The Angels’ 2020 season hasn’t gone according to plan whatsoever, and at 9-20 on the year they look like one of the few clear-cut sellers in the game. A faulty starting rotation is again at the root of the issue, as the team’s starters rank 28th in MLB with a combined 5.84 ERA.
None of that can be blamed on right-hander Dylan Bundy, however, whose offseason acquisition looks like one of the best moves made by any team. But Bundy is only controlled through the 2021 season, and with the current campaign looking lost for the Halos, teams have already been placing calls on the right-hander’s availability, per USA Today’s Bob Nightengale.
The 27-year-old Bundy doesn’t have the blazing fastball he had as an elite prospect who was selected by the Orioles with the No. 4 overall pick back in 2011, but he hasn’t needed it to dominate in 2020. Through 38 1/3 frames, Bundy has logged an outstanding 44-to-8 K/B ratio while pitching to a 2.58 ERA and 3.06 FIP. He ranks in the 80th percentile or better in fastball spin rate, hard-hit rate, opponents’ exit velocity, expected batting average against and expected wOBA, per Statcast.

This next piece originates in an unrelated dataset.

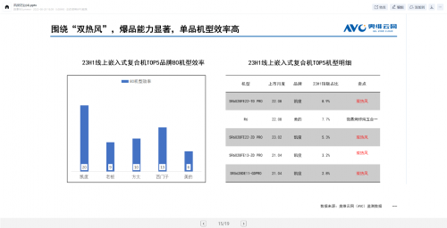 其中,“在新厨电领域,凯度是许多传统厨电品牌非常关注的品牌”,赵总特别强调了凯度的亮眼表现:在23H1线上嵌入复合机TOP5品牌80机型中,凯度位列第一;在23H1线上嵌入式复合机TOP5机型中,仅凯度一家就占据了整整4个席位,以压倒性的优势领跑其他品牌。他表示:“究其原因,凯度在技术上、产品布局上、以及市场定价上都有明显的优势”

Bundy is throwing his slider more than ever before and has scaled back the usage of his four-seam fastball to a career-low 30.1 percent. His 38 1/3 innings are the third-most of any Major League pitcher, among whom he ranks 10th in bWAR and 13th in fWAR.
Because his prior seasons have been punctuated by inconsistency, Bundy has yet to see his arbitration price balloon up too high. He’s on a $5MM salary for 2020, which is prorated to $1.8MM. Of that sum, he’s still owed about $914K. Bundy would be owed one final arbitration raise before he hits the open market following the 2021 season, but it’s still a plenty reasonable price if clubs buy into the new and improved version he’s presented so far this year.
Making a trade of this nature would be a difficult about-face for an Angels club that has been in the market for top-end pitching for years and seems to have found it in Bundy, but his dwindling club control will likely force the team to make a tough decision. The package the Angels gave up to get Bundy was not regarded as overly expensive in terms of prospect capital, and it’s eminently feasible that GM Billy Eppler could get more than he parted with to acquire Bundy in the first place.
Bundy is very arguably one of the top arms on the market, and that’s particularly true given his control beyond 2020. Teams are expected to be stingier than ever in terms of what they’re willing to part with for pure rental players in 2020, as they’d only be acquiring one month of said player for a crack at an expanded postseason that some view as something of a novelty.